# The drawback of state level constitutional carry



## Shrek (May 1, 2002)

For the ninth or tenth year one of our state level legislators has introduced a bill to do away with CCW permits.

Of course the state Sheriff's Association chairman initially said doing away with permits would significantly reduce S.O. discretionary funding as permit fees have always stayed in the county that the statewide CCW permit is issued.

After a couple weeks of newspaper articles for and against concealed carry without a permit an article finally told of the real drawback stated by five of our county Sheriffs of this state in that unless all states were to abandon CCW permits, if this state were to abandon the requirement of a permit, we would not be able to carry outside of our state as all the connecting states to us reciprocate our carry permits.

I make trips to neighboring states and carry my weapon almost every month going to car sales or taking weekend vacations and those trips justify my permit cost fee expense at less than the cost of a gallon of fuel used on a trip to not worry about having my weapon outside of my home state.
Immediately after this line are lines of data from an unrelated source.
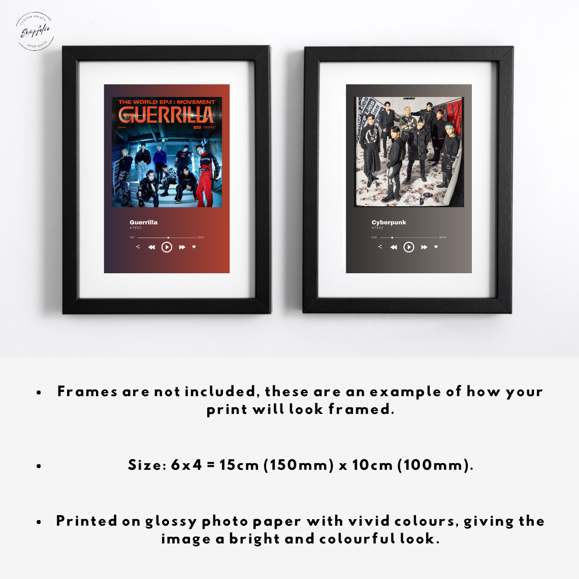 Capture your favourite ATEEZ song or album in a 6x4 photo print (mini poster) – perfect for showcasing on its own or as part of a wall collage.
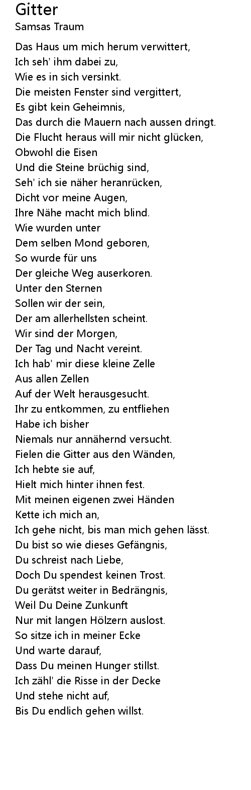 | Fielen die Gitter aus den W nden, | |
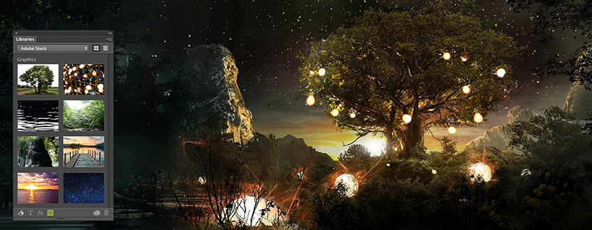 Yeni Adobe Stock pazarı, telifsiz görüntü ve vektörleri Photoshop CC'nin içinden bulmanızı, lisanslamanızı ve yönetmenizi sağlıyor. 40 milyon varlık arasından seçiminizi yapın, seçiminizi Creative Cloud Libraries'e kaydedin ve projenize sürükleyerek kullanın.
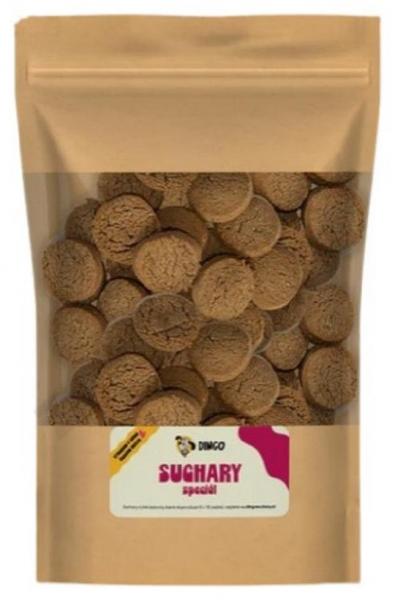 Výborné a pomalu pečené suchary slouží jako doplňkové krmivo. Jsou tedy vhodné pro každého pejska jako pamlsek a doplněk každodenní stravy. Přirozeným způsobem čistí chrup a tím zabraňuje tvorbě zubního kamene. Křupavá dobrota, která je vhodná i pro psy s citlivým zažíváním. Složení: pšeničná mouka, hovězí vývar, ječné kroupy, minerální látky, krmné kvasnice, sušené mléko.Deklarované jakostní znaky: vlhkost 17%, proteiny 5,0%, tuk 3%, vláknina 4,0%, vápník 1,0%

As long as other states require permits and reciprocate with other states, I don't see our state eliminating CCW permits and this state will continue being a shall issue after passing the background check permit and allowing in state transportation restricted open carry that passed the legislature a few years back.


----------



## GREENCOUNTYPETE (Jul 25, 2006)

state level is the only way it is going to happen.

expect anything federal to be a mess , useless or worse than useless and a step int he wrong direction.

how many people never leave the state or only rarely? not taxing a right would be a good thing.

if Sheriffs need CCW money to run you already have a broken funding model.

LE agencies should never get to keep the money they collect it should go at the roads fund or some other tax offset and they should be fully funded by the tax payer.

why should they be fully funded by the tax payer ? so that the tax payer has a say and also because in virtually every place where the LE agency gets to keep the money collected it had made for a corrupt broken policing model that results in more deaths and less justice than in adjacent districts that fund fully 


*what says that you couldn't do like every other state that has gone constitutional carry and let people carry free then charge the fee for the card if they want to go to another state.*

sounds like yall are getting played again by your SO, by your politicians and by your media.


----------



## Bearfootfarm (Jul 13, 2006)

Shrek said:


> if this state were to abandon the requirement of a permit, we would not be able to carry outside of our state as all the connecting states to us reciprocate our carry permits.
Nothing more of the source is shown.